From the line with "Verdieping: overloop, 2" through the line with "Комплектът на фирма", inclusive, return each line of the data below exactly and leave the rest out.

## Data provided
• • • • •

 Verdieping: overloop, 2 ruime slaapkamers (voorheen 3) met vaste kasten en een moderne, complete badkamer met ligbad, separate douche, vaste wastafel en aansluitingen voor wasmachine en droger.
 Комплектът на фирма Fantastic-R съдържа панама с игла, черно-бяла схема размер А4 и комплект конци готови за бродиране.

• • • • •

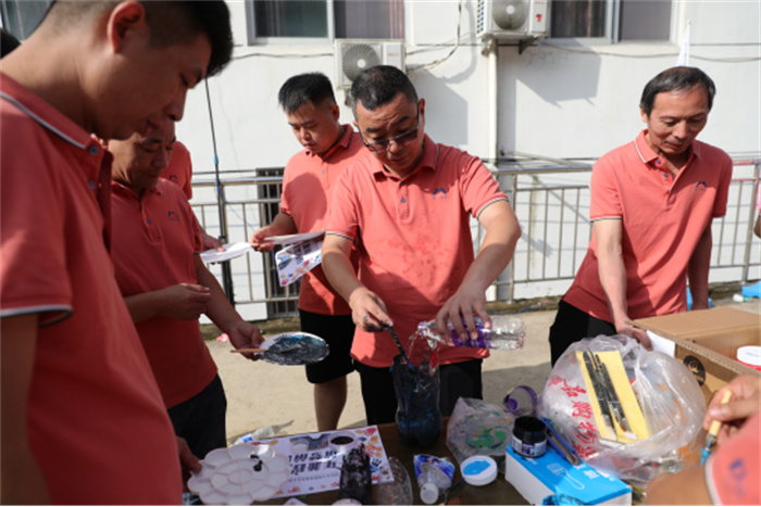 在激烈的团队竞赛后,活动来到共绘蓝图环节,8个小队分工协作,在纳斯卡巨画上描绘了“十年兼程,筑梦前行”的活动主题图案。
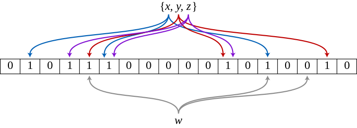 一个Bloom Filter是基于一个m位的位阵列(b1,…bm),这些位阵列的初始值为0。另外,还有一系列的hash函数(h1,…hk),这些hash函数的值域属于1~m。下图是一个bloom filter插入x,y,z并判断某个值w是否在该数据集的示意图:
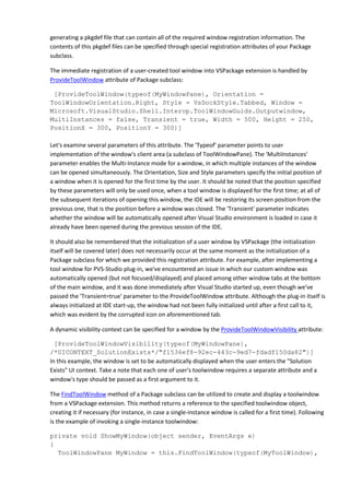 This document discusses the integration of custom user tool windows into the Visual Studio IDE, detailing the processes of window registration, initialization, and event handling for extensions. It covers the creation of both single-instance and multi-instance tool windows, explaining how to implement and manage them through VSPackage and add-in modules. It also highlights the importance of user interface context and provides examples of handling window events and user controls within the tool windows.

• • • • •

## Your solution
 Verdieping: overloop, 2 ruime slaapkamers (voorheen 3) met vaste kasten en een moderne, complete badkamer met ligbad, separate douche, vaste wastafel en aansluitingen voor wasmachine en droger.
 Комплектът на фирма Fantastic-R съдържа панама с игла, черно-бяла схема размер А4 и комплект конци готови за бродиране.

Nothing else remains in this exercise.